> HOW TO COMPLETE THIS TASK
For this listing, reproduce the line with "Product Name Mustard", the line with "Patricia asymmetric |", and the lines between, exactly as they stand. Leave out pictures and all other lines.

> PROVIDED RECORDS
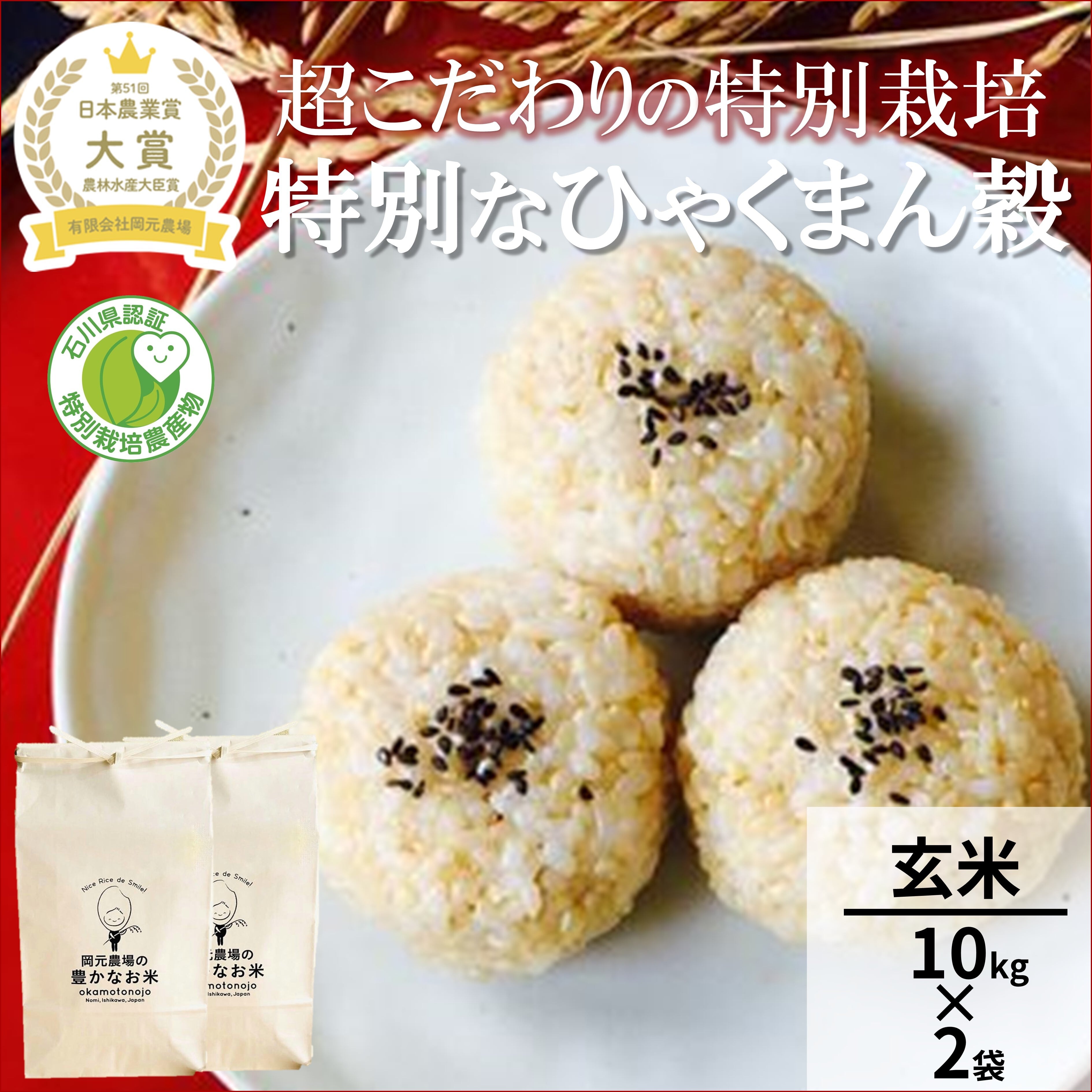 ・石川県の「特別栽培農産物」認証の特別栽培ひゃくまん穀です。
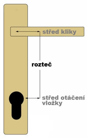 Rozstup môžeme definovať ako vzdialenosť medzi stredom kľučky a stredom otáčania vložky, čo znázorňuje aj prvý obrázok. Inými slovami je to tiež rozmer, ktorý hovorí, ako ďaleko je od seba os kľučky a os zámku.
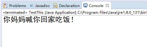 public class TestThis { int a, b, c; TestThis() { System.out.println("正要初始化一个Hello对象"); } TestThis(int a, int b) { // TestThis(); //这样是无法调用构造方法的! this(); // 调用无参的构造方法,并且必须位于第一行! a = a;// 这里都是指的局部变量而不是成员变量 // 这样就区分了成员变量和局部变量. 这种情况占了this使用情况大多数! this.a = a; this.b = b; } TestThis(int a, int b, int c) { this(a, b); // 调用带参的构造方法,并且必须位于第一行! this.c = c; } void sing() { } void eat() { this.sing(); // 调用本类中的sing(); System.out.println("你妈妈喊你回家吃饭!"); } public static void main(String[] args) { TestThis hi = new TestThis(2, 3); hi.eat(); } }
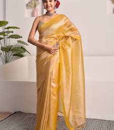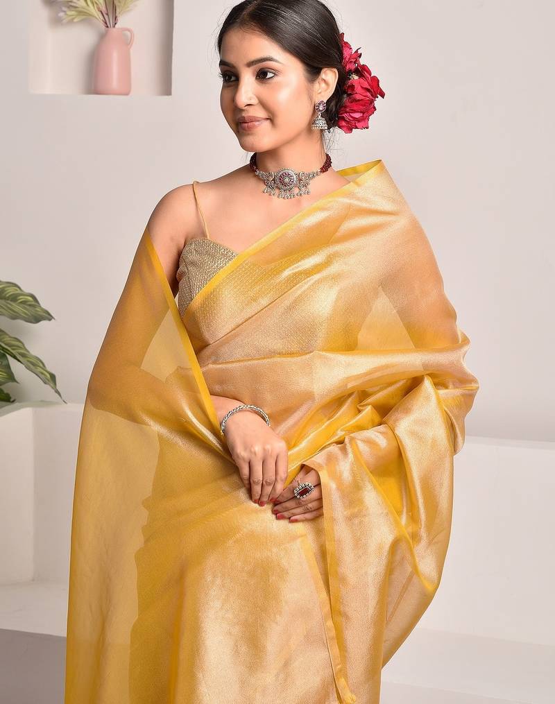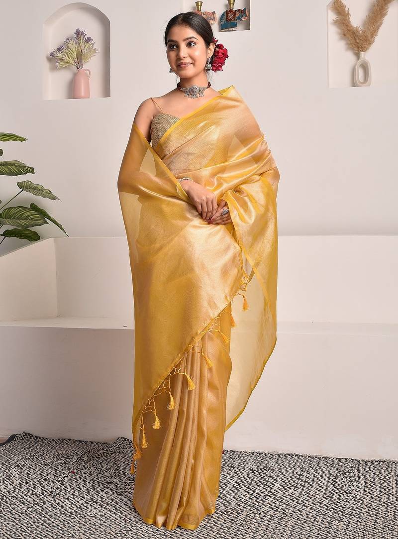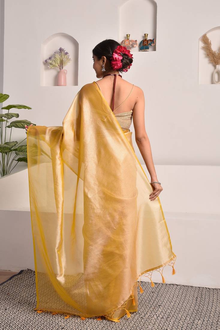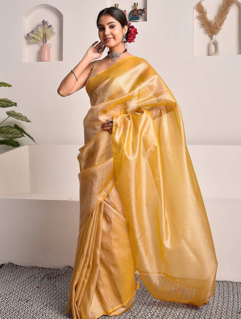 Product Name Mustard Yellow Tissue Saree With Unstitched Blouse Piece
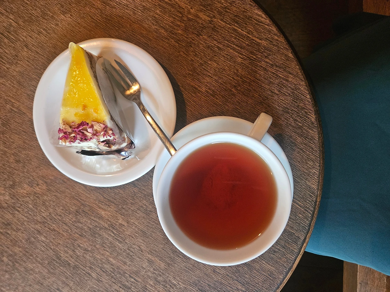 녹음을 마치고 연락이 닿은 신랑이 아이들 저녁을 차려 먹인다고 해서, 오랜만에 저녁 시간에 서두르지 않고 근처 카페로 향했다. 뜨거웠던 여름, 고생한 나를 위해 '레드 넥타'라고 이름을 붙인 루이보스티와 오렌지 당근케이크를 주문했다.
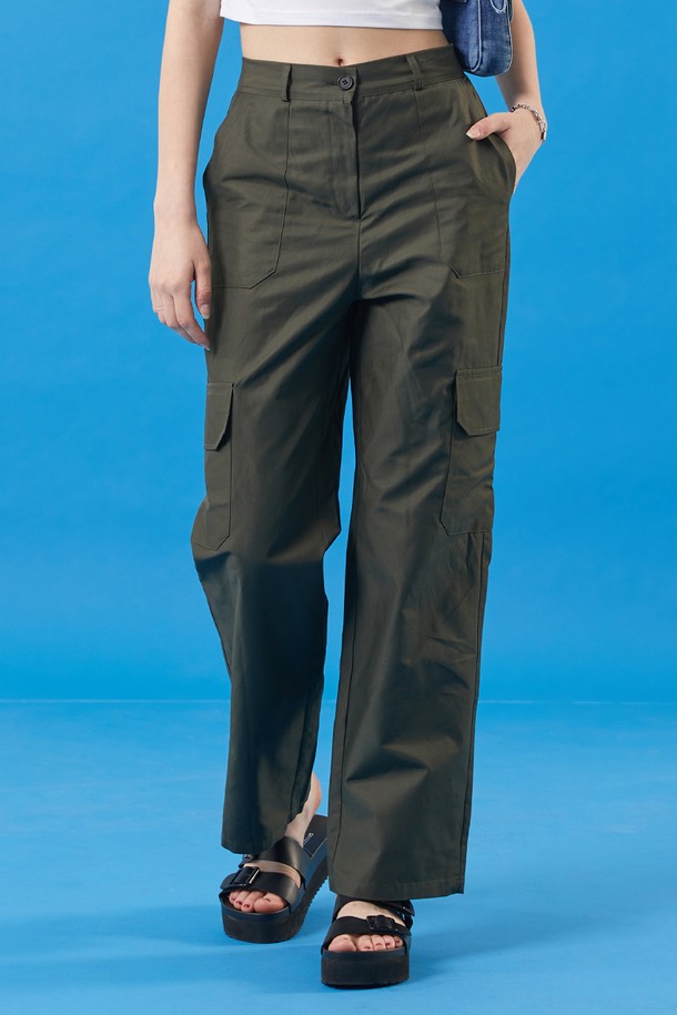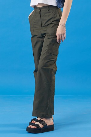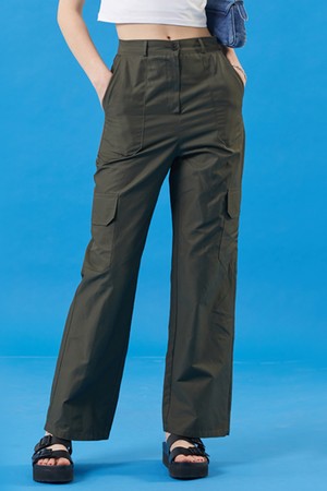 쿨링 하이웨스트 와이드 카고 슬랙스 팬츠 [KHAKI]
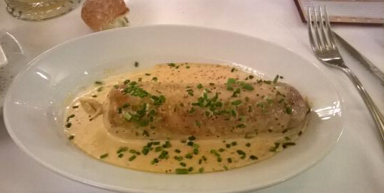 这可以说我旅游以来吃过最满足的一次了。这边的装修什么的好的没话说,服务员的态度也很好,基本都是你杯中水少于一半的时候,他们就会出现在你的面前帮你把水杯加满。当天点的菜系是我超级爱吃的。印象比较深的是一道猪肉腊肠。事先做好的猪肉腊肠配合上这边烹饪呢的高汤。加上一些奶油。味道吃起来真的是满满的香味加上猪肉的那种咀嚼感,口感复杂到闭眼享受的程度。还有这边的小牛排也是不一样的做法,也是加汤烹饪的手法。吃起来感觉味道更佳嫩,口感更加湿润。里面的薯条很好的将口感中多余的水分吸走。多吃不会产生腻的感觉。很不错,值得推荐。
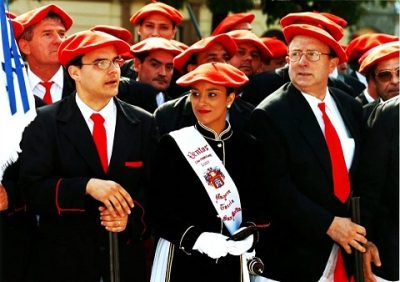Año 2000. Nagore García San Martín. Cantinera de la Compañía Ventas del Alarde de San Marcial de Irún en San Juan año 2000
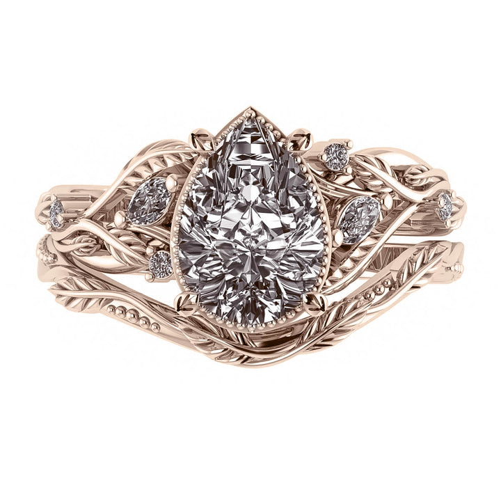 Patricia asymmetric | custom bridal ring set with pear cut gemstone 10x7 mm - Eden Garden Jewelry™
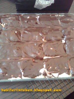 Borcama etimekleri ufak parçalara bölerek yerleştirin ve üzerine karıştırdığımız kremayı dökün. en sonunda çikolata sosunu dökün ve dolaba koyun.Soğumaya bırakın.
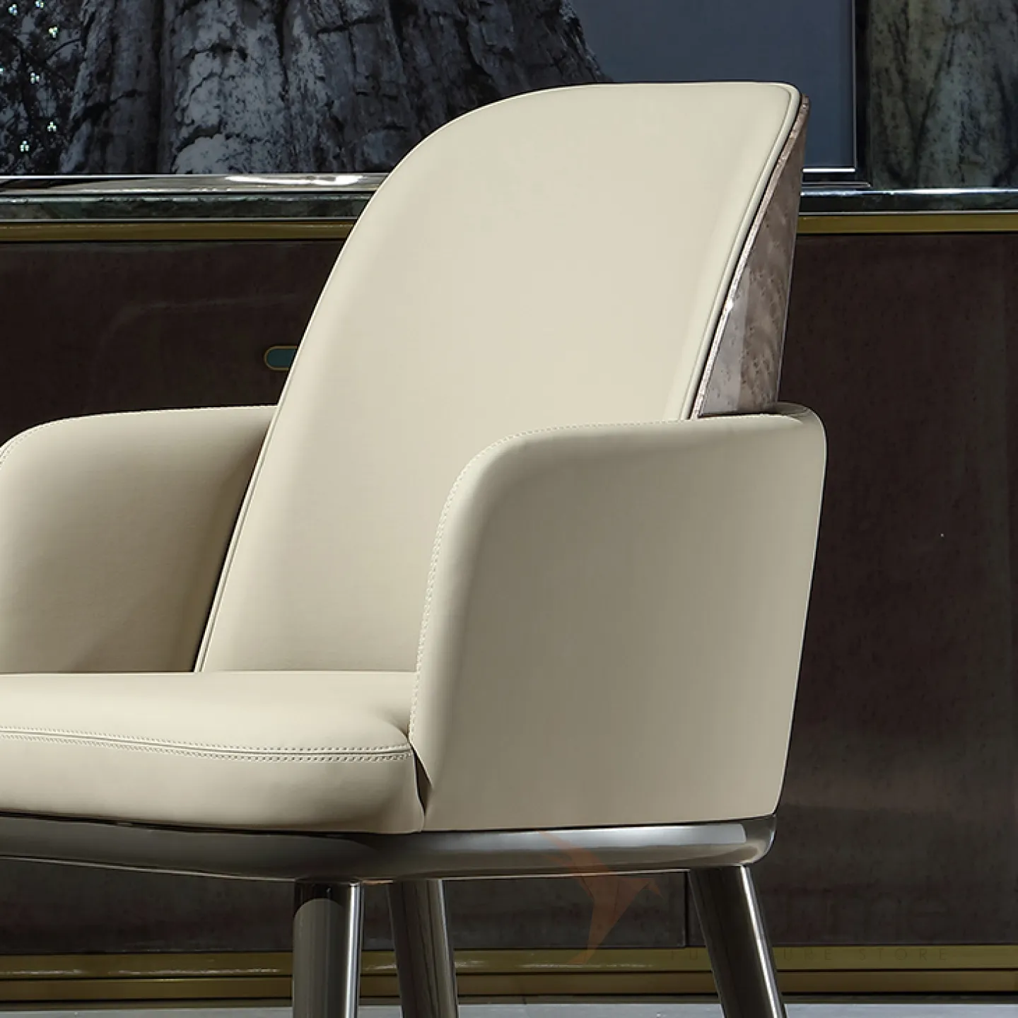 Обеденный стул станет настоящим украшением вашего интерьера и великолепным дополнением к обеденному столу. Его удобная спинка и сиденье подарят комфорт во время приема пищи. Выполненный из натуральной кожи и красного дерева, он обладает особой роскошью и элегантностью.
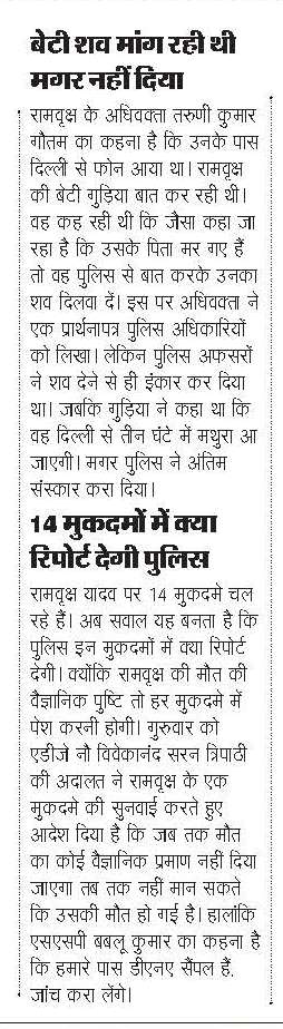 गौतम पहले से ही रामवृक्ष यादव के दो मुकदमे लड़ रहे हैं। प्रशासन ने रामवृक्ष को मृत घोषित कर दिया है, लेकिन गौतम का मानना है कि किसी और की लाश दिखाकर उसे रामवृक्ष बता दिया गया। उनके पास इसका साक्ष्य भी है। वे बताते हैं कि यहां की जेल में हरनाथ सिंह नाम का एक सत्याग्रही बंद है। वह पट्टी पवोरा, थाना तिरवा, कन्नौज का रहने वाला है। पुलिस ने उससे रामवृक्ष यादव की लाश की शिनाख्त करवायी है। गौतम ने 8 जून को हरनाथ समेत तीन कैदियों से मुलाकात के लिए जेल अधीक्षक को लिखित अर्जी दी थी जिसे ठुकरा दिया गया। इसके बाद वे जिलाधिकारी के पास से आदेश ले आए, तब उन्हें मिलने दिया गया। उसमें भी एक कैदी नहीं आया, जो दूसरा कैदी आया वह उनके बताए शख्स का हमनाम निकला और तीसरा हरनाथ ही था। हरनाथ के पैर टूटे हुए थे। उसने गौतम को बताया कि उसे मार-पीट कर दबाव में लाश की शिनाख्त करवाई गई और उसे रामवृक्ष का कहलवाया गया। गौतम को यह तो नहीं पता कि रामवृक्ष जिंदा है या मर गया, लेकिन वे पूरे विश्वास से कहते हैं कि जो लाश दिखाई गई है, वह रामवृक्ष की नहीं है।
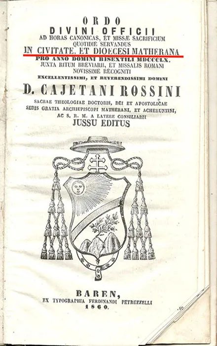 Gattini Giuseppe, Note storiche sulla città di Matera, Stabilimento Tipografico A. Perrotti & C., Napoli 1882, p. 249.
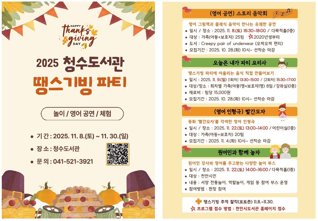 [충청25시] 천안시 청수도서관은 오는 8~ 30일 ‘2025 땡스기빙 파티’를 연다고 6일 밝혔다.
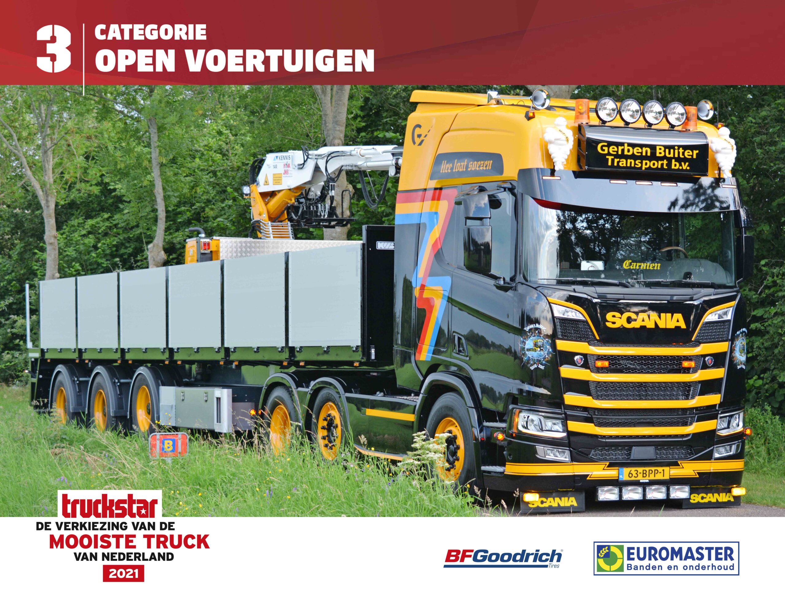 Uit meer dan 1400 vrachtwagens kozen de lezers van het Truckstar Fotojaarboek de trucks die zij een prijs waard vinden. Het Truckstar Festival mag dit jaar dan niet doorgaan, de verkiezing van de Mooiste Truck van Nederland gaat wel door! Hieronder presenteren we je de genomineerden in categorie 3 – open voertuigen.
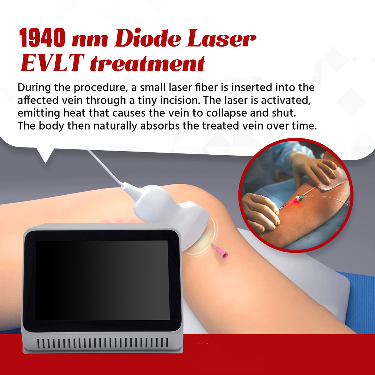The 1940nm laser,through its revolutionary “water-specific absorption”mechanism,enables the direct and precise closure of varicose veins.It represents an advanced treatment option that is minimally invasive,safe,effective,and delivers additional aesthetic benefits.
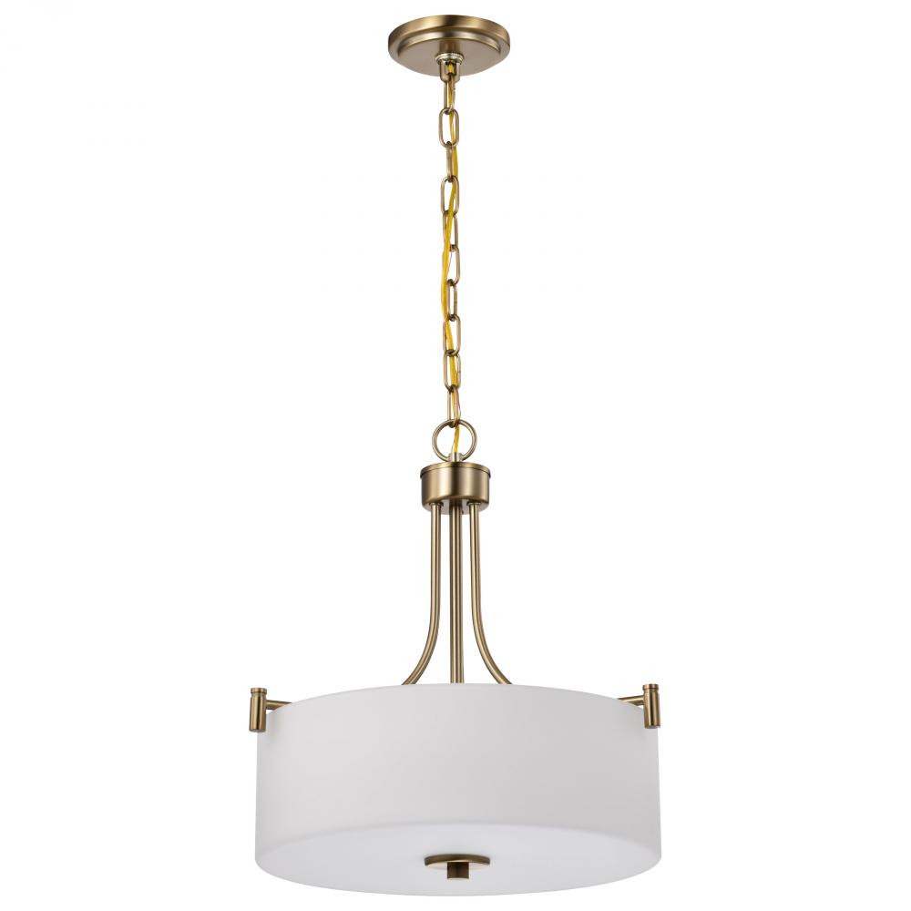 Liam; 3 Light Pendant; Burnished Brass; White Opal Glass
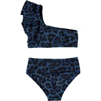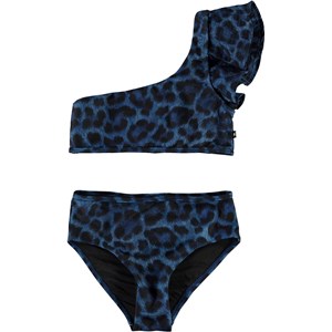 Nola is een asymmetrische bikini in een blauwe jaguarprint met mooie details. Het heeft een enkele schouderbandje met een mooie ruche die zorgt voor een bijzondere, sculpturale look. Nola heeft een goede pasvorm en het broekje heeft een halfhoge taille. De bikini heeft een goede bedekking en is gemakkelijk aan en uit te trekken. De zwemkleding van Molo heeft een UV-bescherming van 50+. Het product is CE-gemarkeerd en getest volgens norm EN-13758-1.
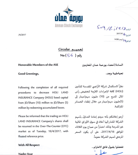 قرر المدير التنفيذي لبورصة عمان نادر عازر وبحسب وثيقة رقم 8/9/أ.ع / 509 بتاريخ 16/4/2017 ، وبعد استكمال شركة الارضي المقدسة للتأمين (HOLI) كافة أجراءات تخفيض رأس المال المدرج من (10) مليون سهم /دينار الى (5)مليون سهم / دينار وذلك لاطفاء الخسائر المتراكمة .
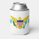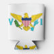 This can cooler pays tribute to the Virgin Islands' rich cultural diversity and natural beauty, featuring elements reminiscent of its iconic flag. The design prominently displays a white field with a simplified version of the Great Seal of the United States, which includes an eagle holding arrows and an olive branch, accompanied by the letters "V" and "I" symbolizing Virgin Islands.

> RESULT FOR THIS EXERCISE
 Product Name Mustard Yellow Tissue Saree With Unstitched Blouse Piece
 녹음을 마치고 연락이 닿은 신랑이 아이들 저녁을 차려 먹인다고 해서, 오랜만에 저녁 시간에 서두르지 않고 근처 카페로 향했다. 뜨거웠던 여름, 고생한 나를 위해 '레드 넥타'라고 이름을 붙인 루이보스티와 오렌지 당근케이크를 주문했다.
 쿨링 하이웨스트 와이드 카고 슬랙스 팬츠 [KHAKI]
 这可以说我旅游以来吃过最满足的一次了。这边的装修什么的好的没话说,服务员的态度也很好,基本都是你杯中水少于一半的时候,他们就会出现在你的面前帮你把水杯加满。当天点的菜系是我超级爱吃的。印象比较深的是一道猪肉腊肠。事先做好的猪肉腊肠配合上这边烹饪呢的高汤。加上一些奶油。味道吃起来真的是满满的香味加上猪肉的那种咀嚼感,口感复杂到闭眼享受的程度。还有这边的小牛排也是不一样的做法,也是加汤烹饪的手法。吃起来感觉味道更佳嫩,口感更加湿润。里面的薯条很好的将口感中多余的水分吸走。多吃不会产生腻的感觉。很不错,值得推荐。
Año 2000. Nagore García San Martín. Cantinera de la Compañía Ventas del Alarde de San Marcial de Irún en San Juan año 2000
 Patricia asymmetric | custom bridal ring set with pear cut gemstone 10x7 mm - Eden Garden Jewelry™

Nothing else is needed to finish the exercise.